***** Input
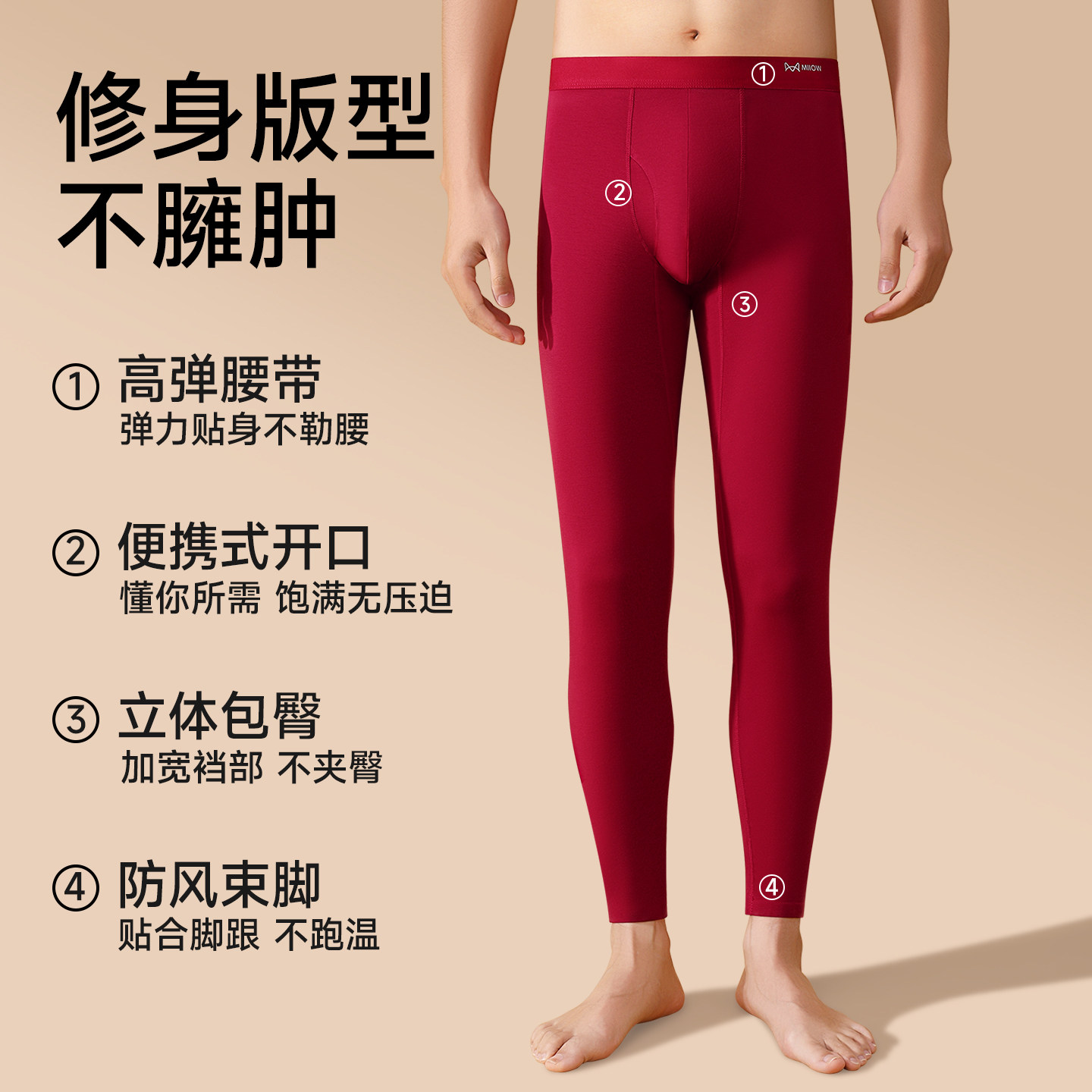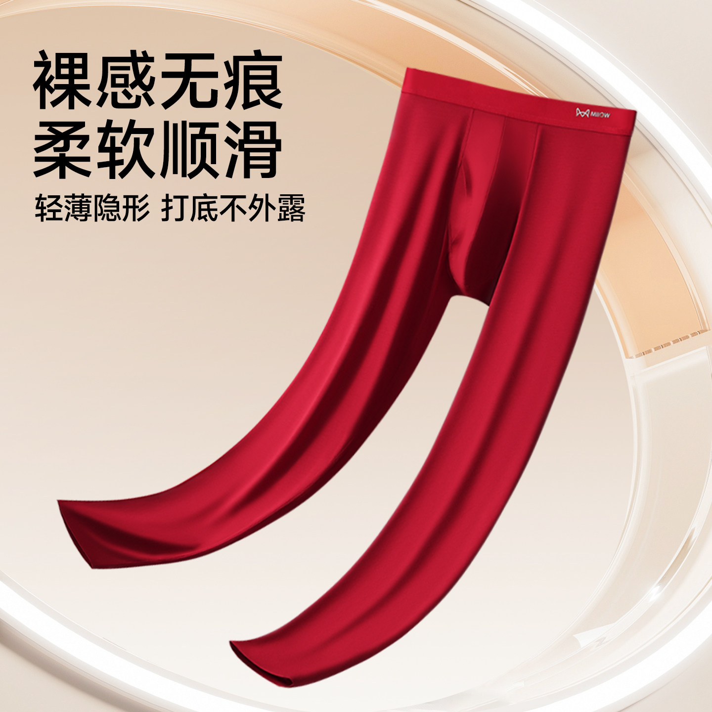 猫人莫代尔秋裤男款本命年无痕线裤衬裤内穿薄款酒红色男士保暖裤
**********
***** Input
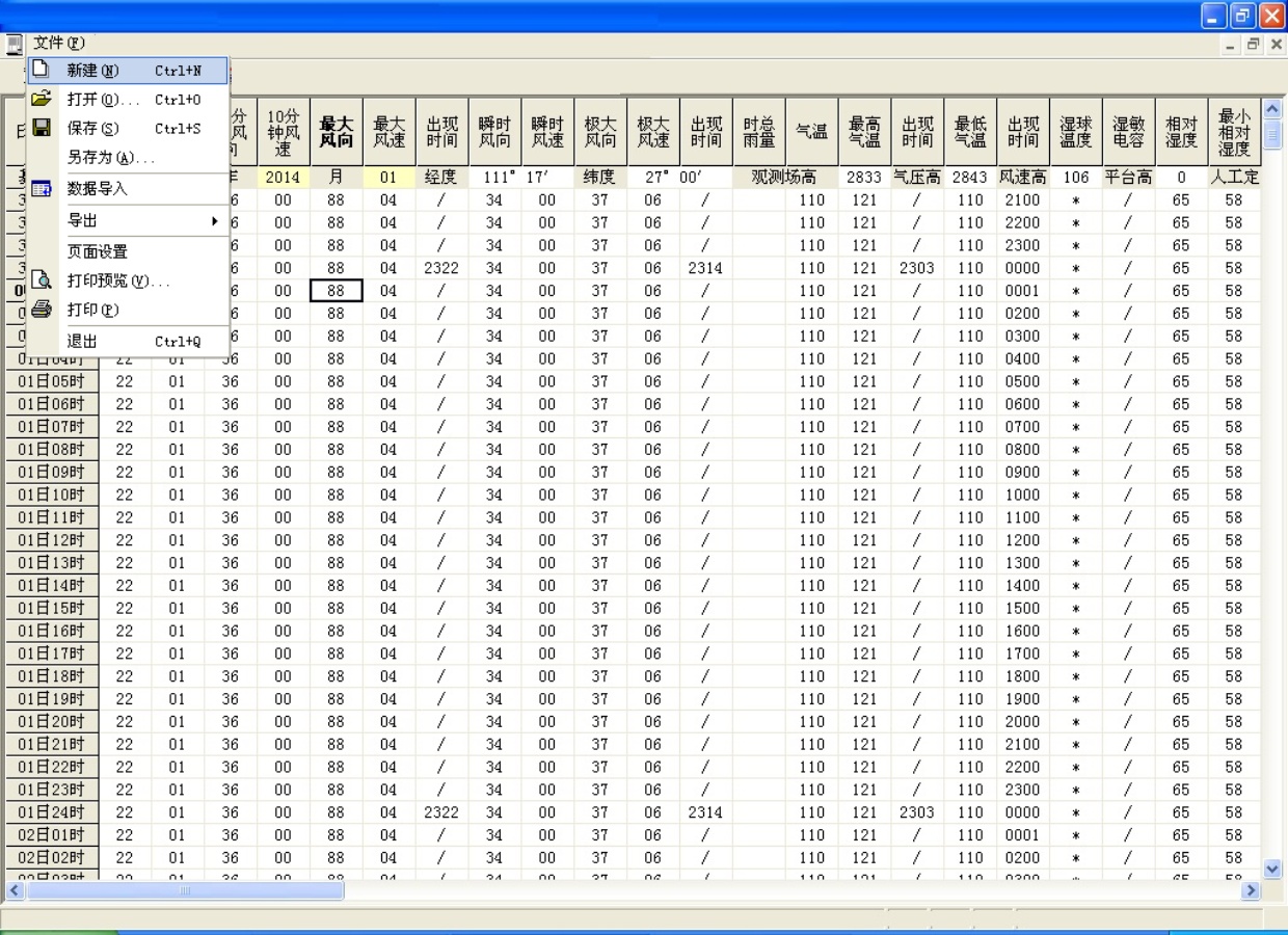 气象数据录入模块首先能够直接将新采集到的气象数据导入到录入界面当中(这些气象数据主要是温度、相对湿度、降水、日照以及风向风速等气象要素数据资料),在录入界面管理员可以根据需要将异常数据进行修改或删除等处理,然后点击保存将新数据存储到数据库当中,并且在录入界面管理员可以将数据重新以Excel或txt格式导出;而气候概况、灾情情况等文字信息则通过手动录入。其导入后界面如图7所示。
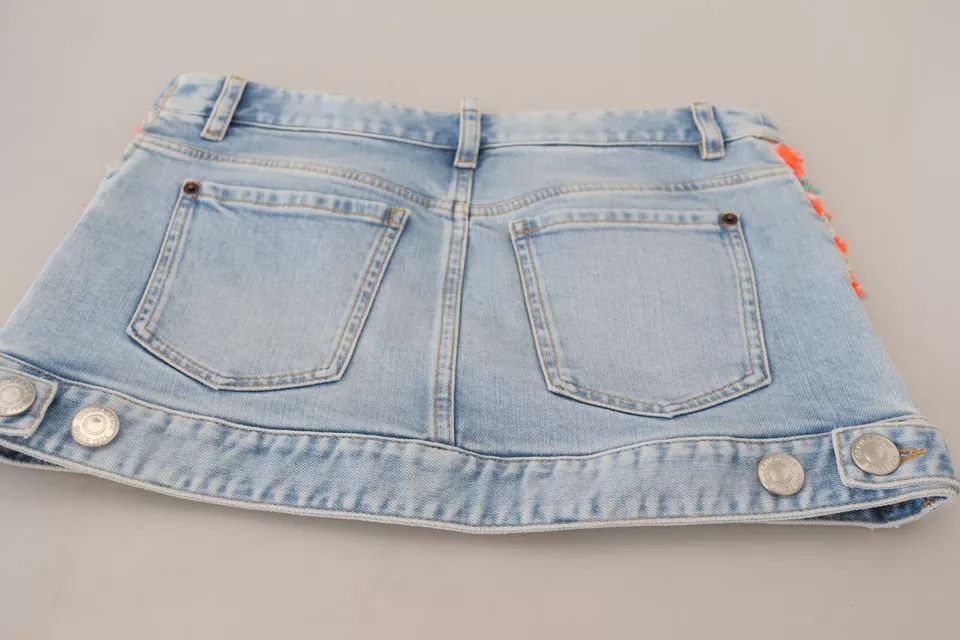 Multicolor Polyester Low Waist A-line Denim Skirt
**********
***** Input
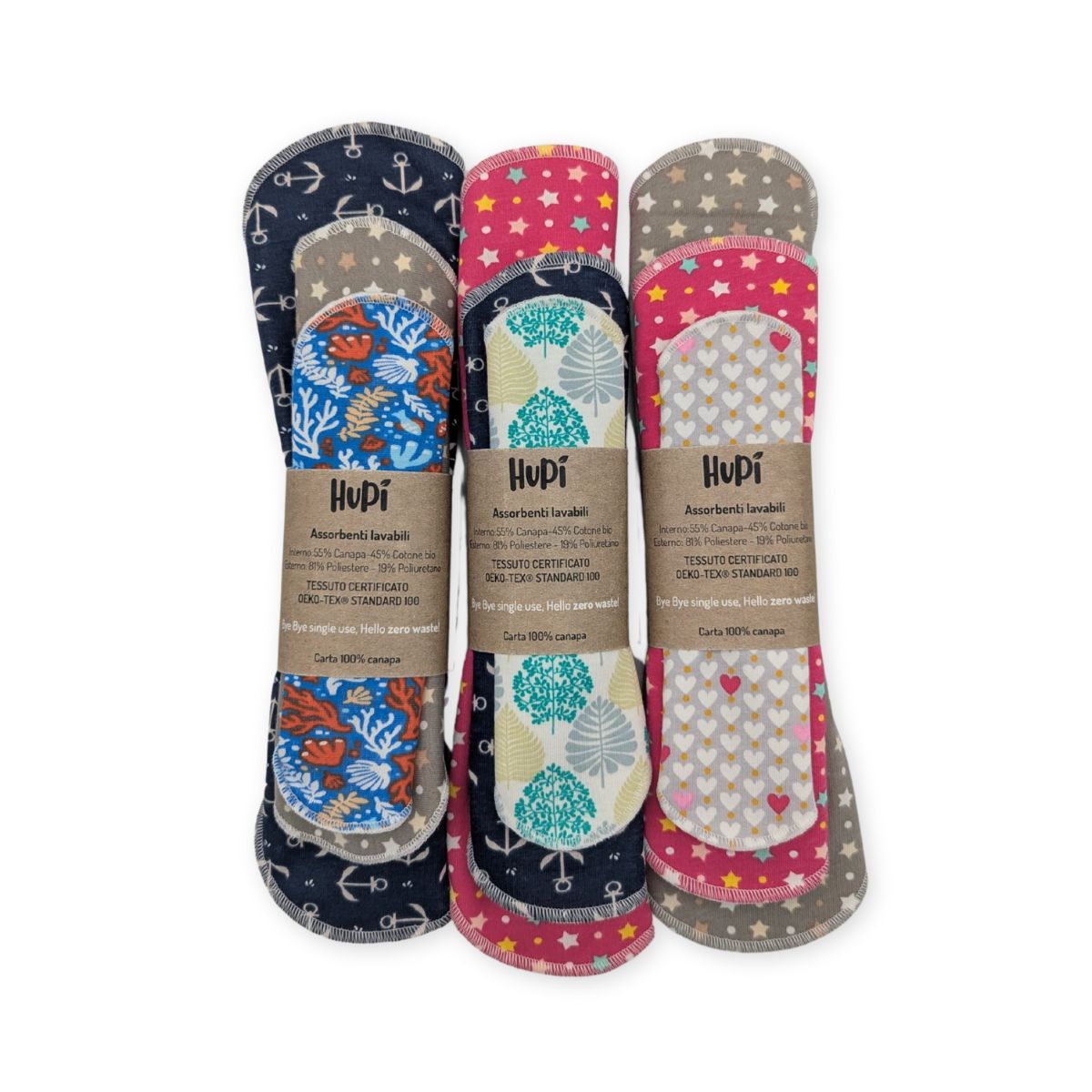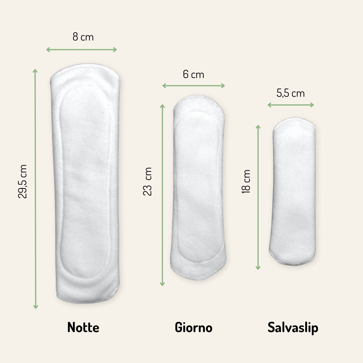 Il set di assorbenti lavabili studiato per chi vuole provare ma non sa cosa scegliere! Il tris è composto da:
**********
**What to produce:** Nothing but the lines above from the line with "气象数据录入模块首先能够直接" up to and including the line with "Multicolor Polyester Low" should be returned, exactly as written and without pictures.

**Answer to this task:**
 气象数据录入模块首先能够直接将新采集到的气象数据导入到录入界面当中(这些气象数据主要是温度、相对湿度、降水、日照以及风向风速等气象要素数据资料),在录入界面管理员可以根据需要将异常数据进行修改或删除等处理,然后点击保存将新数据存储到数据库当中,并且在录入界面管理员可以将数据重新以Excel或txt格式导出;而气候概况、灾情情况等文字信息则通过手动录入。其导入后界面如图7所示。
 Multicolor Polyester Low Waist A-line Denim Skirt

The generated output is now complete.